Stored items from a collection:
_ _ _ _ _

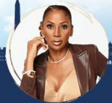
Holly Robinson Peete Actress, Author, Activist, and Philanthropist
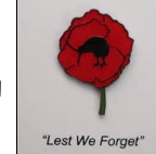
"Lest We Forget"
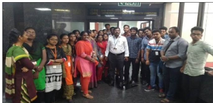
Industrial Visit to CDAC

Students of IV Year CSE-1 went on an Industrial Visit to CDAC on 01.02.2019.
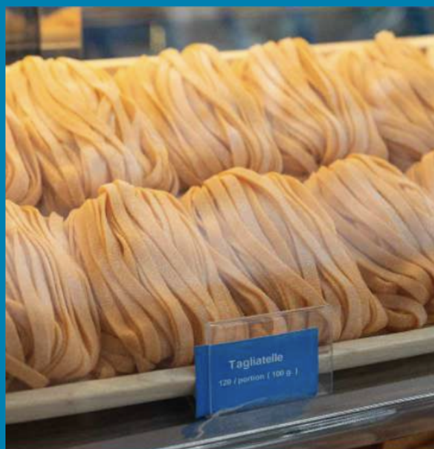
Tagliatelle (fresh pasta - 100 g) 140
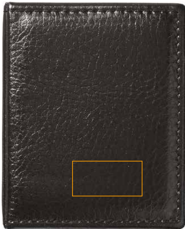
2. TOP SIDE
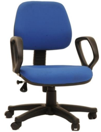
LOW BACK REVOLVING CHAIR
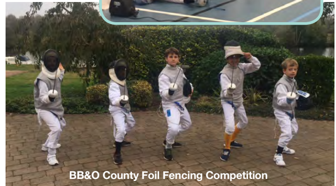
BB&O County Foil Fencing Competition
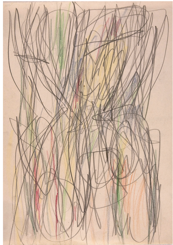
Untitled (Colored Pencil) 2008

I keep sketchbooks but tend to rip out their pages when they have something to do with my painting. I hang them up around the studio. Once in a while, a sketch will serve as a beginning to a painting. Other times, sketches help me change direction in a painting so I can move forward. Sometimes, I sketch during the process of painting to record what is there temporarily, just before I cover it up, as a record which might direct me later. I also make sketches to loosen up, not as a means to an end but as an end in itself. Sometimes the sketches have color, sometimes they are stark black and white. I might use pencil or charcoal or crayon or ink and watercolor with brushes.
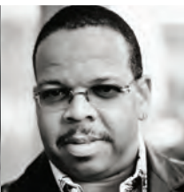
TERENCE BLANCHARD 1981 Music
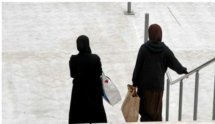
Women wearing abayas in Lyon.
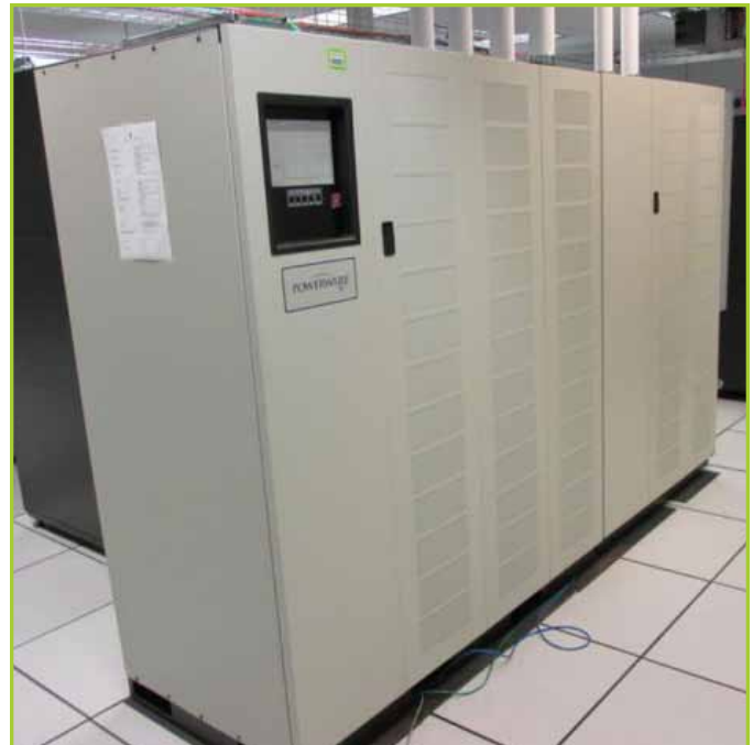
EATON/POWERWARE 9315-300 225 PWHR12390W4FR KVA300, KW240, UPS SYSTEM BATTERIES, 2 STRINGS, 10 TRAYS, 4 JARS
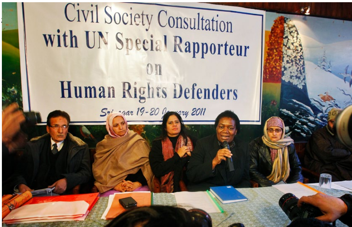
Uganda's Margaret Sekaggya (4th L), United Nations Special Rapporteur on Human Rights Defenders, speaks during a meeting with members of civil societies in Srinagar (India), January 19, 2011.
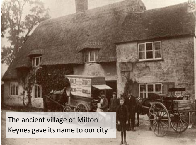
The ancient village of Milton Keynes gave its name to our city.
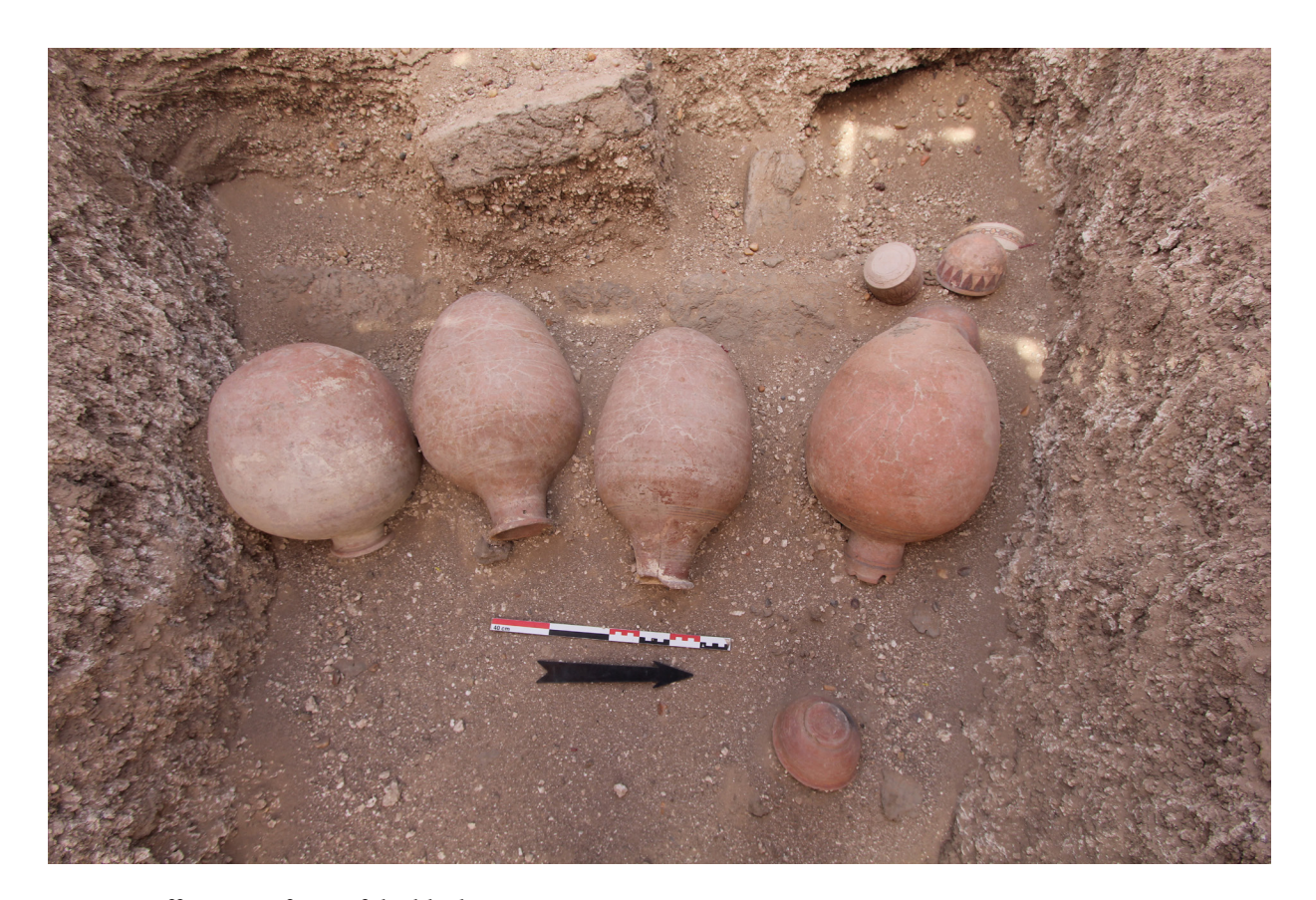
Figure 5. Offerings in front of the blockage in BMC 62.
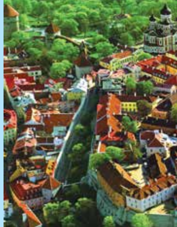
Tallinn, a hub of culture and commerce, is a city with a rich history in the 600-year-old spires and
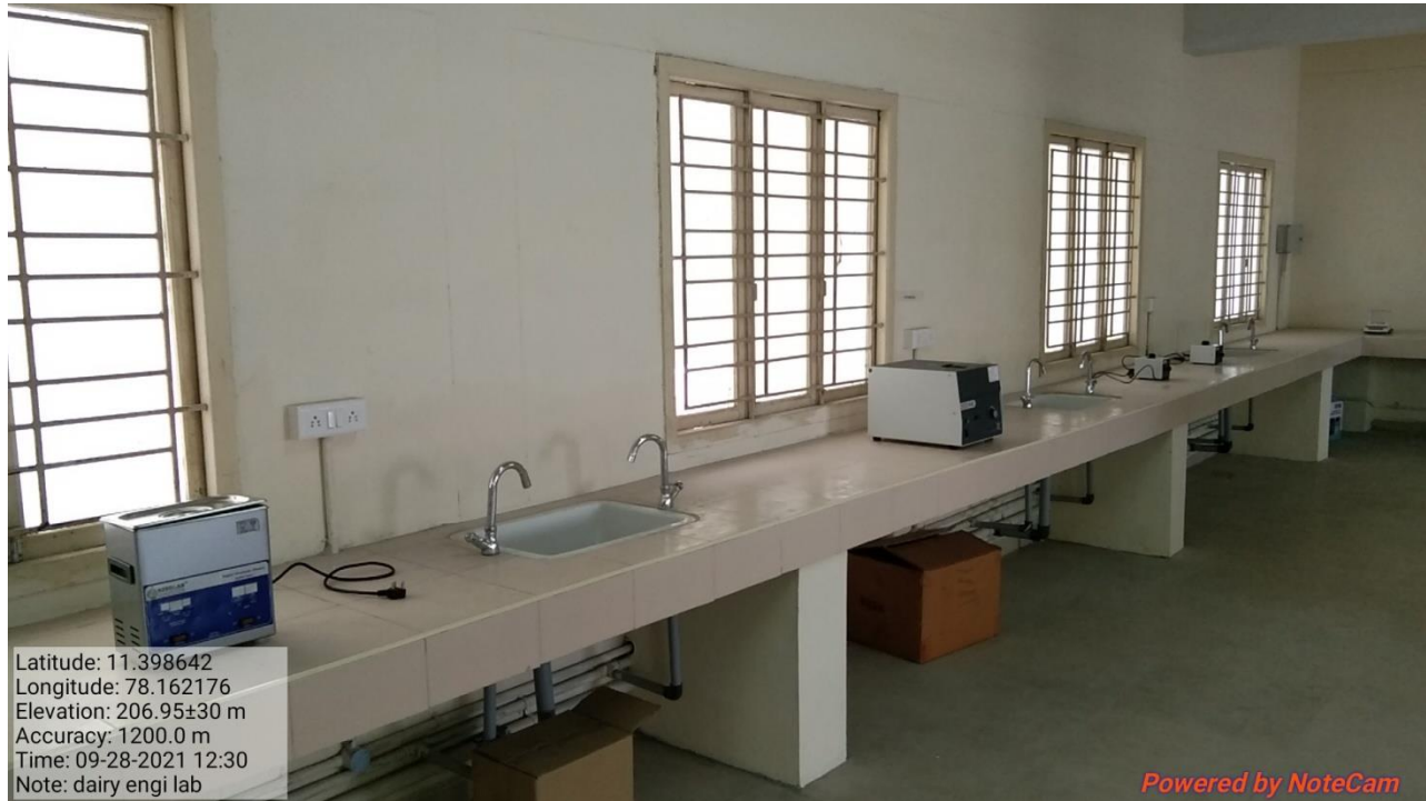
Dairy Engineering Lab
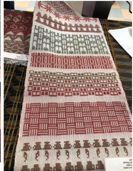
Claudia Cocco our 2018-19 Education Grant recipient - Drawloom weaving
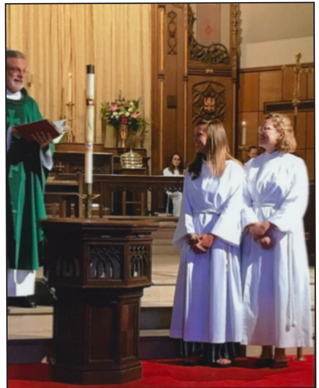
Sending of our Seminarians on August 11, 2019
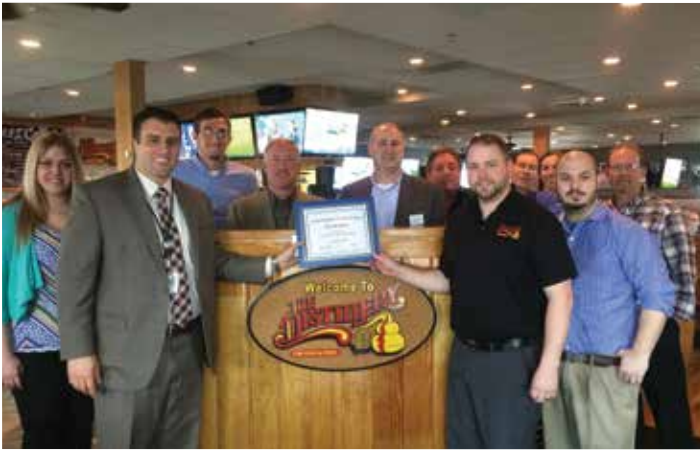
The Distillery restaurant, 3112 Erie Blvd. E., celebrates its grand opening.
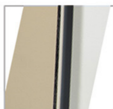
Double Layer 1.2mm sheet metal surface, melamine board inward.
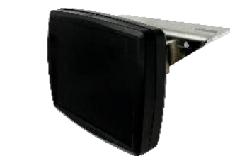
Vehicle or speed detector
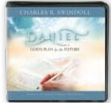
Daniel, Volume 2: God's Plan for the Future by Charles R. Swindoll compact disc series
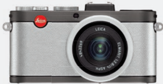
LEICA X-E (Typ 102)

_ _ _ _ _

Task statement: Print the lines from the one holding "Double Layer 1.2mm" through the last line of the records, word for word, and omit the pictures.

Task result:
Double Layer 1.2mm sheet metal surface, melamine board inward.
Vehicle or speed detector
Daniel, Volume 2: God's Plan for the Future by Charles R. Swindoll compact disc series
LEICA X-E (Typ 102)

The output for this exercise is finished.